Harry Hill - age 80 - took a pull from his cigar and exhaled contentedly. From his living room, he could look out onto his quiet neighborhood in Anaconda, Montana. Nobody had walked by his front window in over an hour, and that was all right with him. Reflexively, his hand dropped to tip some ash into an ashtray by his easy chair, but this time the cigar slipped out of his fingers and fell onto a stack of newspapers. The papers must have been sitting too long in the July heat, for they quickly caught fire. Harry tried to reach for the cigar, thought better of it, and stamped at the flames with his slippers. A blackened shred of paper flew up, drifted across the room, and came to rest close to the lower edge of the curtains. Too close.
The fire snatched at the fabric hungrily, set it alight, and quickly leapt up the wall until the flames were licking the living room ceiling. Harry ripped the oxygen tubes from his nose, hurried to the kitchen and filled a pot with water. He threw it at the curtains and went back for more, but by then the carpet was ablaze, and Harry knew he couldn’t put it out on his own. He left the kitchen faucet running, escaped out the back of the house, and scuttled across the street as fast as his frail legs could carry him.
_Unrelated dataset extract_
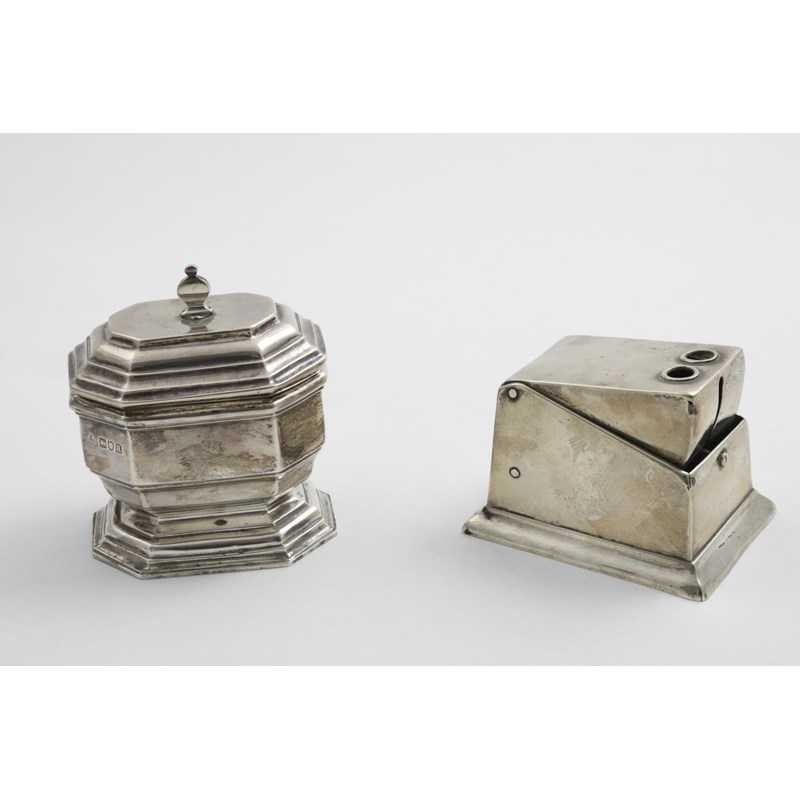 A SMALL LATE VICTORIAN OCTAGONAL TEA CADDY with moulded decoration by Charles Stuart Harris, London 1896 and a cigar cutter with an inscription at the back (metal innards); the caddy 4.4" (11.3 cms) high

Just as his arm was raised to knock on his neighbor’s door, the oxygen tank in the living room exploded. The windows shattered outward, and shards of glass rained down upon the empty sidewalks of Maple Street.
Two years later, the story continues. I was cautiously driving my wounded vehicle down from Harts Pass in the North Cascades, hoping I could get the motor mounts repaired quickly so I could head to Anaconda and look for a house to purchase. I reached the town of Twisp on a Sunday afternoon, and all the auto repair shops were predictably closed. With a lopsided engine and an inability to shift into reverse gear, I didn’t know where I could set up camp for the night without getting stuck. Thankfully, the police escorted me to an empty riverside lot on the outskirts of town and promised not to evict me like they normally do to campers and revelers.
In the morning, my spirits steadily sank as I learned that most mechanics in town were completely booked until the following week! I was going to have to give up on house-hunting in Montana, and the delay also threatened to jeopardize my journey to the Burning Man Festival in Nevada. But an auto shop owner that looked suspiciously like Santa Claus gave me the best present of all, which was to phone a tardy customer, cancel their appointment, and put me in their place. I was out the door by noon, only 180 dollars poorer, and back on schedule.